Coupling bioavailability and stable isotope ratio to discern dietary and non-dietary contribution of metal exposure to residents in mining-impacted areas

Abstract Both dietary and non-dietary pathways contribute to metal exposure in residents living near mining-impacted areas. In this study, bioavailability-based metal intake estimation coupled with stable Pb isotope ratio fingerprinting technique were used to discern dietary (i.e., rice consumption) and non-dietary (i.e., housedust ingestion) contribution to As, Cd, and Pb exposure in residents living near mining-impacted areas. Results showed that not only rice (n = 44; 0.10–0.56, 0.01–1.77, and 0.03–0.88 mg kg −1 ) but also housedust (n = 44; 2.15–2380, 2.55–329, and 87.0–56,184 mg kg −1 ) were contaminated with As, Cd, and Pb. Based on in vivo mouse bioassays, bioavailability of As, Cd, and Pb in rice (n = 11; 34 ± 15, 59 ± 13, and 31 ± 15%) were greater than housedust (n = 14; 17 ± 6.7, 46 ± 10, and 25 ± 6.8%). Estimated daily intake of As, Cd, and Pb after incorporating metal bioavailability showed that As intake via rice was 5-fold higher than housedust for adults, whereas As intake via housedust was 3-fold higher than rice for children. For both adults and children, rice was the main source for Cd exposure, while housedust was the predominant Pb contributor.

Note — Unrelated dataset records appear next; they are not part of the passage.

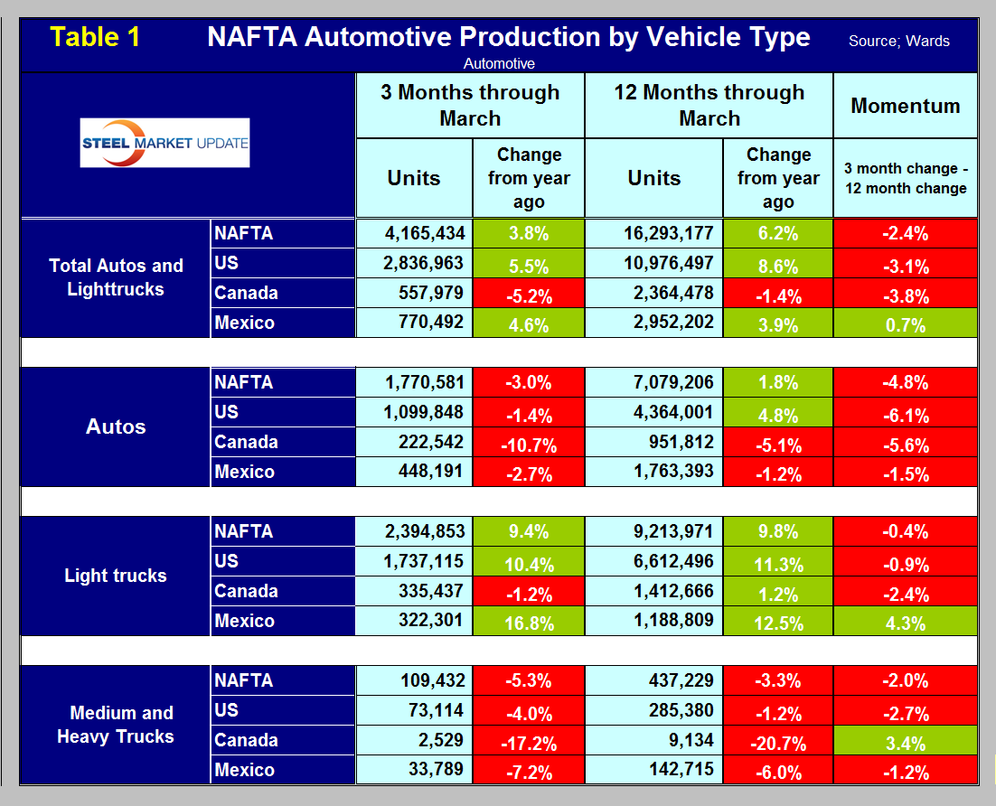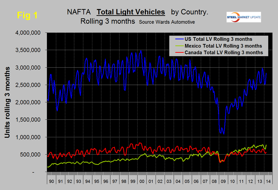 Light vehicle production in NAFTA increased by 7.0 percent in March to an annual rate of 17.794 million units. The US, Canada and Mexico grew by 6.9 percent, 2.1 percent and 11.4 percent respectively. It’s too soon to tell if this is the beginning of a trend, the first quarter results year over year are not so stellar. Table 1 shows the growth of autos, light trucks and medium and heavy trucks on a quarterly basis and a rolling 12 months year over year. Compared to Q1 2013, the production of autos and medium and heavy trucks declined in all three nations in Q1 2014. The production of light trucks increased in the US and Mexico but declined in Canada.
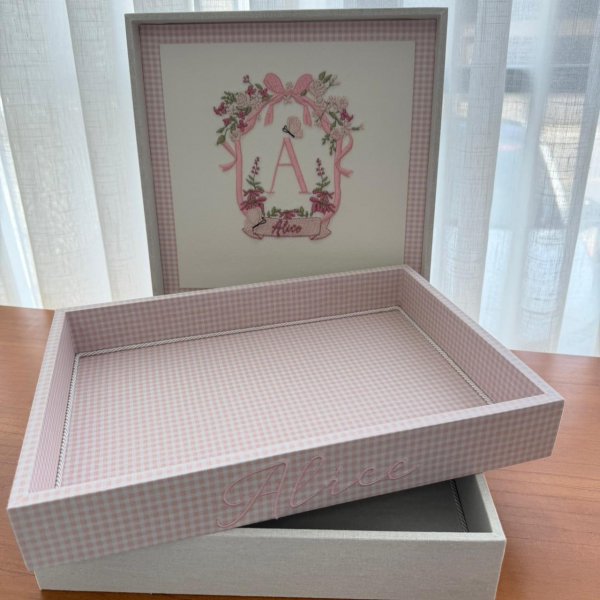 Caixa 30x30 e bandeja 25x35 xadrez rosa
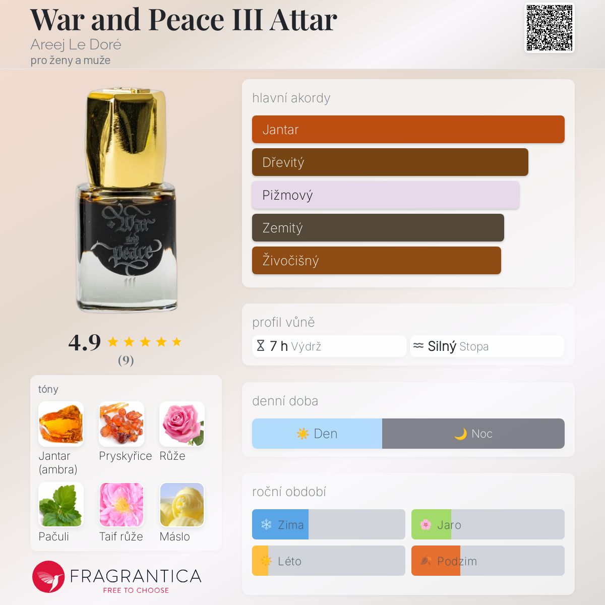 War and Peace III Attar podle Areej Le Doré je vůně pro ženy a muže. Toto je nová vůně. War and Peace III Attar byl/a uveden/a v roce 2025. "Nosem" za touto vůní je Russian Adam. Vrchní tóny jsou Jantar (ambra) a Pryskyřice; střední tóny jsouBílá růže, Pačuli, Taif růže, Máslo a Orris ; základní tóny jsou Syntetická cibetka, Indický oud, Ambra, Kastoreum, Dubový mech, Vetiver, Jantar (ambra), Cibetka, Pryskyřice a Přírodní pižmo.
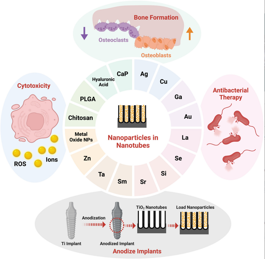 纳米管作为“仓库”,能实现纳米粒子的高负载与可控缓释,将治疗集中于植入界面,避免全身副作用。载银纳米管抗菌性强,载钙磷纳米管促进骨再生,载镓或锶则能协同抗感染与促整合。
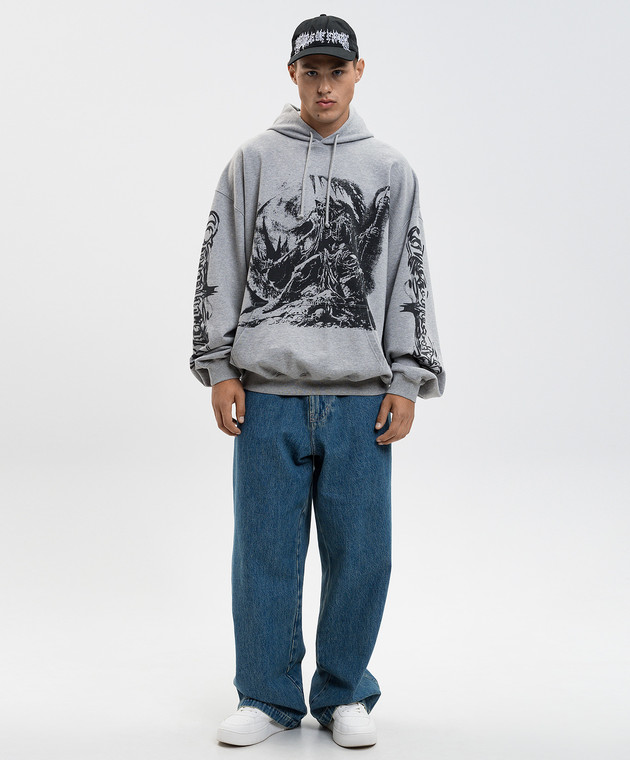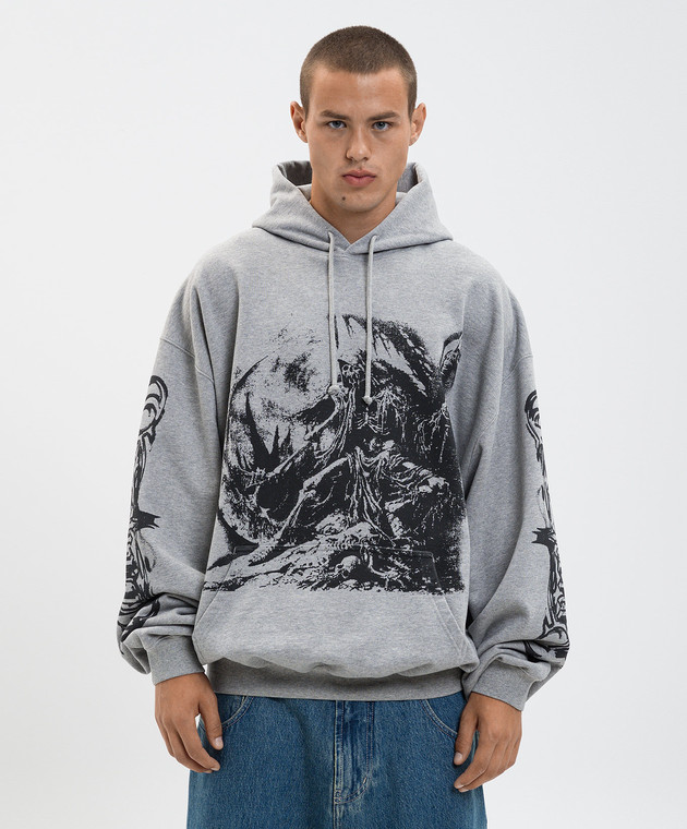 Сіре меланжеве худі з принтом
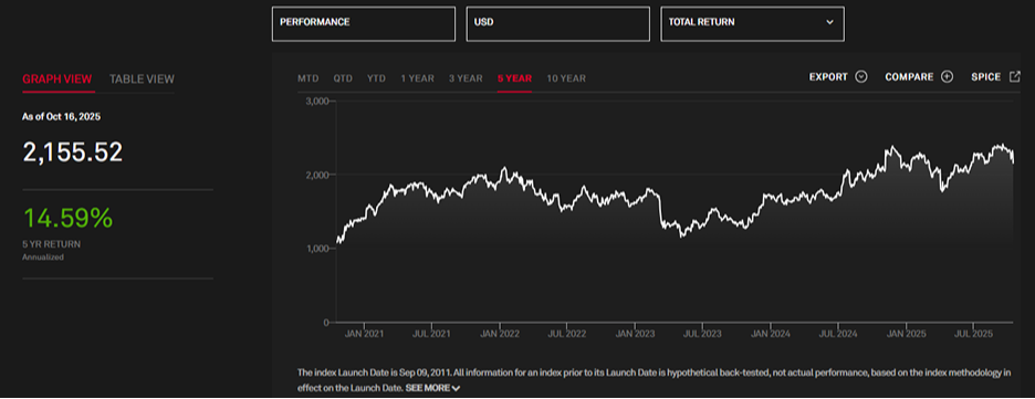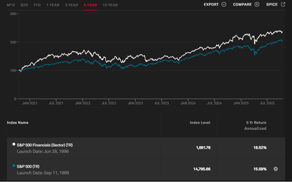 在美國金融股中,銀行股是主要的組成。以S&P Banks Select Industry指數來看,過去五年年化含息報酬率達14.59%。自2024年起,淨利差改善以及股東回饋增加效益發酵,指數重回成長軌道並在2025年再度創波段高。

To ascertain the dominant Pb source from housedust ingestion, stable Pb isotope ratios ( 207 Pb/ 206 Pb and 208 Pb/ 206 Pb) of hair samples of local residents (n = 27, 0.8481 ± 0.0049 and 2.0904 ± 0.0102) were compared to housedust (n = 27, 0.8485 ± 0.0047 and 2.0885 ± 0.0107) and rice (n = 27, 0.8369 ± 0.0057 and 2.0521 ± 0.0119), showing an overlap between hair and housedust, but not rice, confirming that incidental housedust ingestion was the main source of Pb exposure. This study coupled bioavailability and stable isotope techniques to accurately identify the source of metal exposure as well as their potential health risk.